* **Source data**
═══
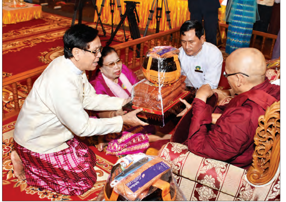
အမျိုးသားလွှတ်တော် ဒုတိယဥက္ကဋ္ဌ ဦးအေးသာအောင်နှင့်ဇနီးတို့က ဆရာတော်ထံ လှူဖွယ်ပစ္စည်းများ ဆက်ကပ်လှူဒါန်းစဉ် (သတင်းစဉ်)
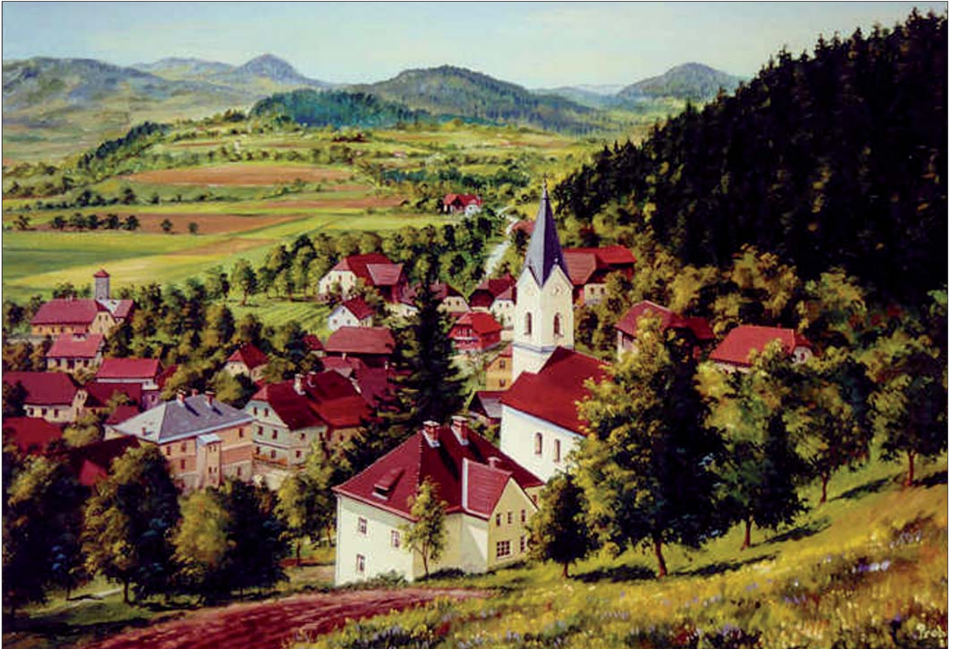
Ettendorf im Lavanttal: Der Künstler hält Landschaften, Häuser und Kirchen seiner Heimat auf der Leinwand fest.
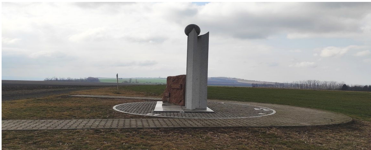
Obrázek 18.1: Pomník Tří císařů nacházející se severně od obce, v pozadí Pracký kopec (IRI)
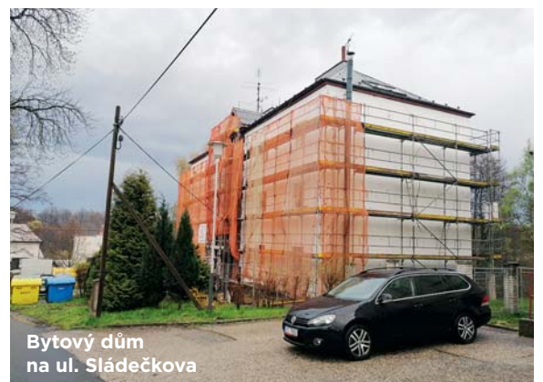
Bytový dům na ul. Sládečkova
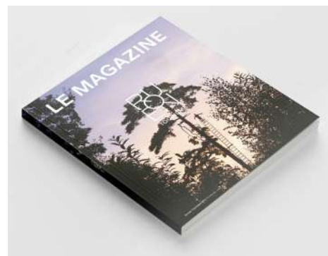
ROUEN TOURISME N°6
═══
* **Task instructions**
Starting with the first line of the data, transcribe every line exactly through the one containing "Obrázek 18.1: Pomník". No pictures go in.

* **Response to the exercise**
အမျိုးသားလွှတ်တော် ဒုတိယဥက္ကဋ္ဌ ဦးအေးသာအောင်နှင့်ဇနီးတို့က ဆရာတော်ထံ လှူဖွယ်ပစ္စည်းများ ဆက်ကပ်လှူဒါန်းစဉ် (သတင်းစဉ်)
Ettendorf im Lavanttal: Der Künstler hält Landschaften, Häuser und Kirchen seiner Heimat auf der Leinwand fest.
Obrázek 18.1: Pomník Tří císařů nacházející se severně od obce, v pozadí Pracký kopec (IRI)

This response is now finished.